*** Available data Section Begins ***
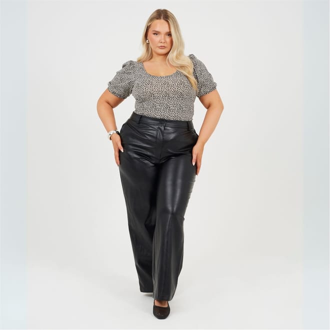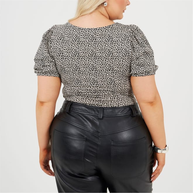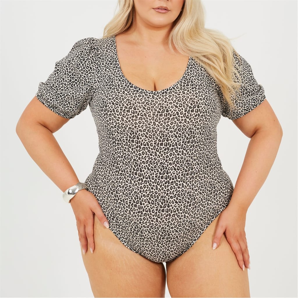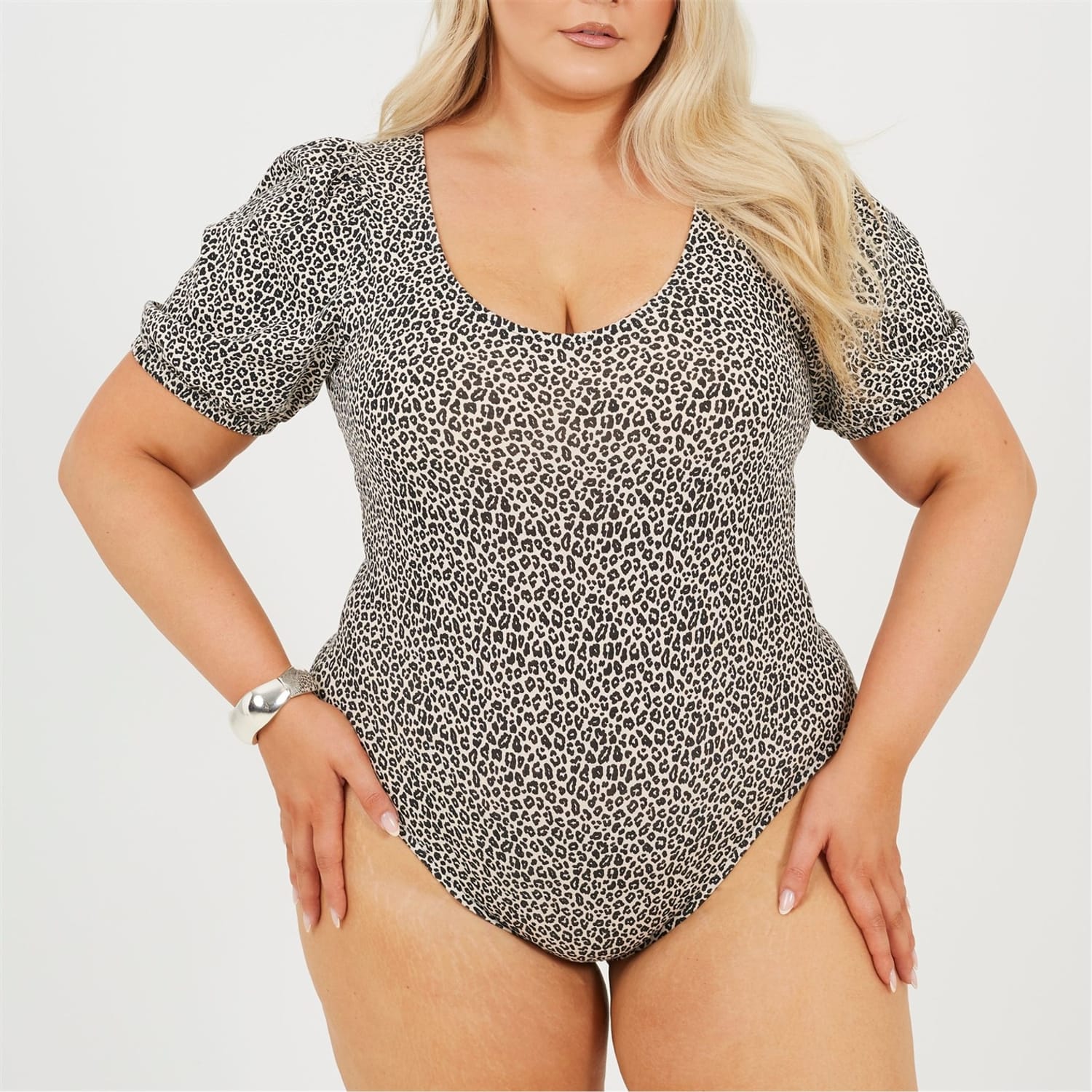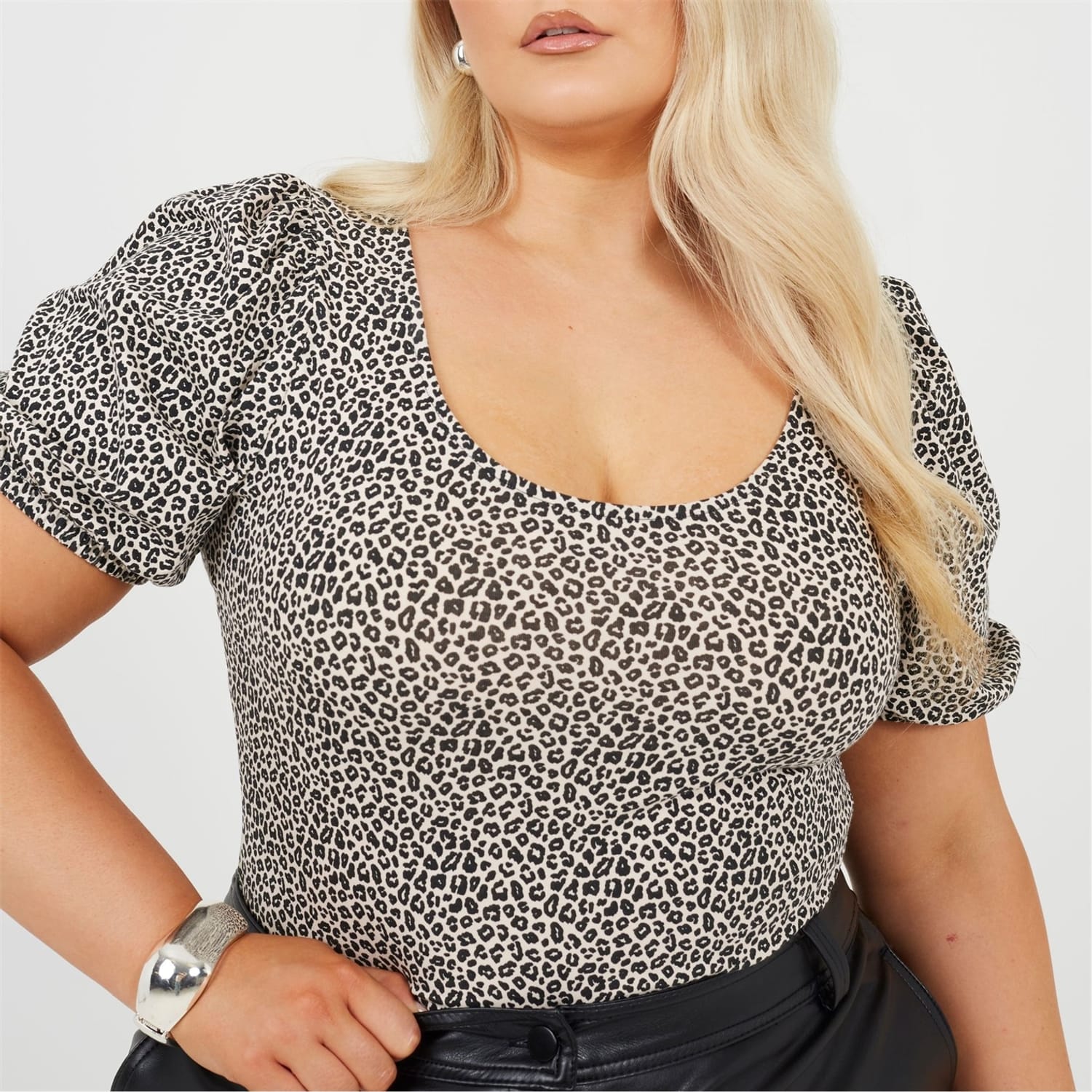 Brave Soul Women's bodysuit. Plus Size, short puff sleeves, round neck. All over animal print. -
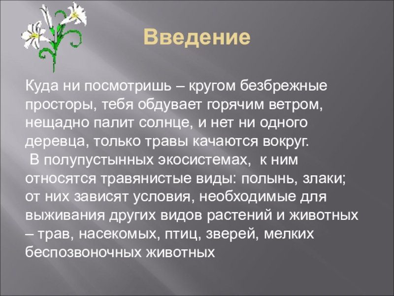 В полупустынных экосистемах, к ним относятся травянистые виды: полынь, злаки; от них зависят условия, необходимые для выживания других видов растений и животных – трав, насекомых, птиц, зверей, мелких беспозвоночных животных
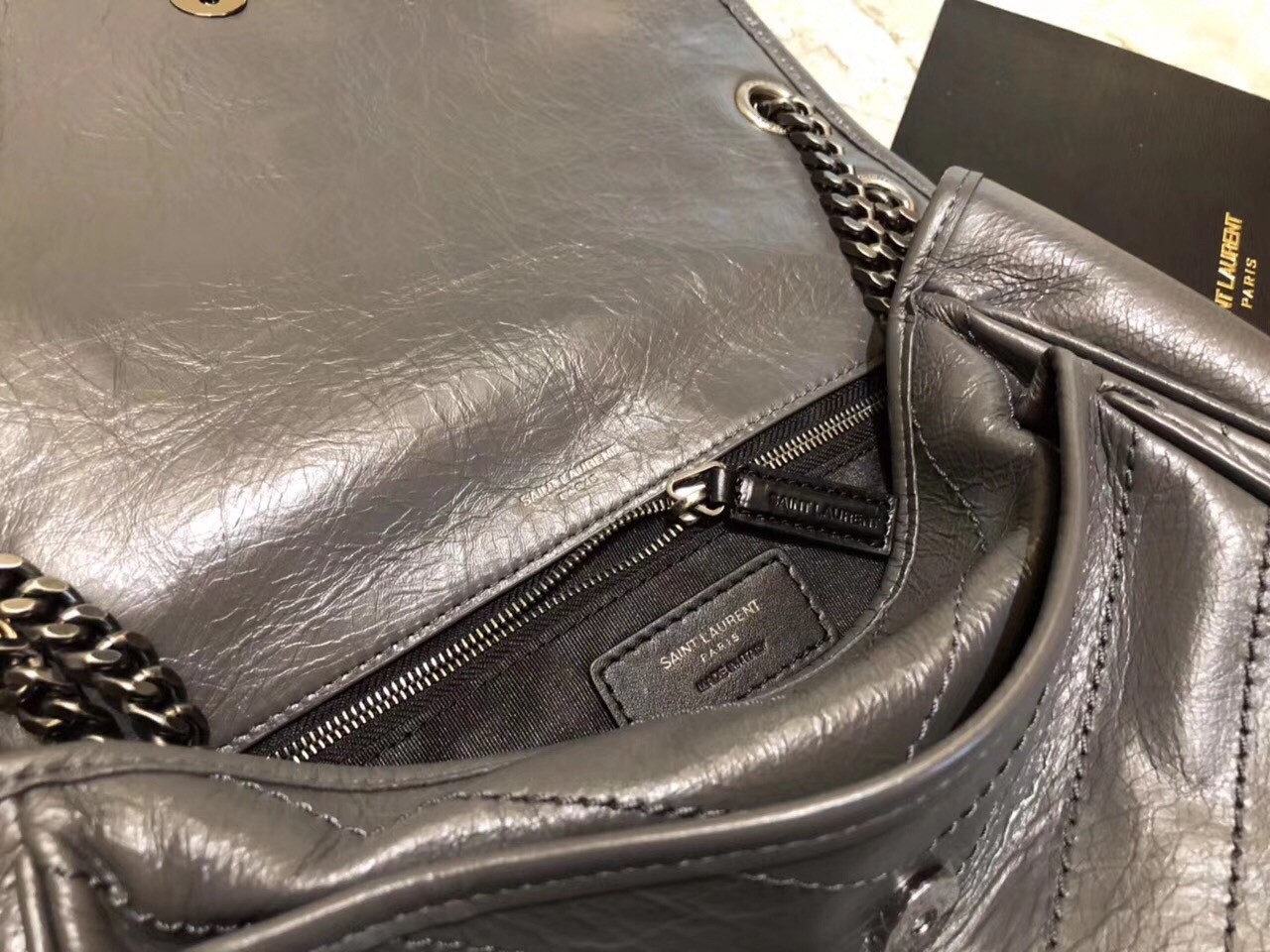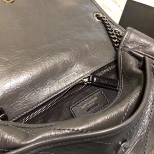 – One central compartment, one inside pocket, one zippered pocket, one open pocket in back, and one pocket under flap
*** Available data Section Ends ***
_Work to be completed_: Quote all the lines above exactly as given. Do not include the pictures.

_Task solution_:
 Brave Soul Women's bodysuit. Plus Size, short puff sleeves, round neck. All over animal print. -
 В полупустынных экосистемах, к ним относятся травянистые виды: полынь, злаки; от них зависят условия, необходимые для выживания других видов растений и животных – трав, насекомых, птиц, зверей, мелких беспозвоночных животных
 – One central compartment, one inside pocket, one zippered pocket, one open pocket in back, and one pocket under flap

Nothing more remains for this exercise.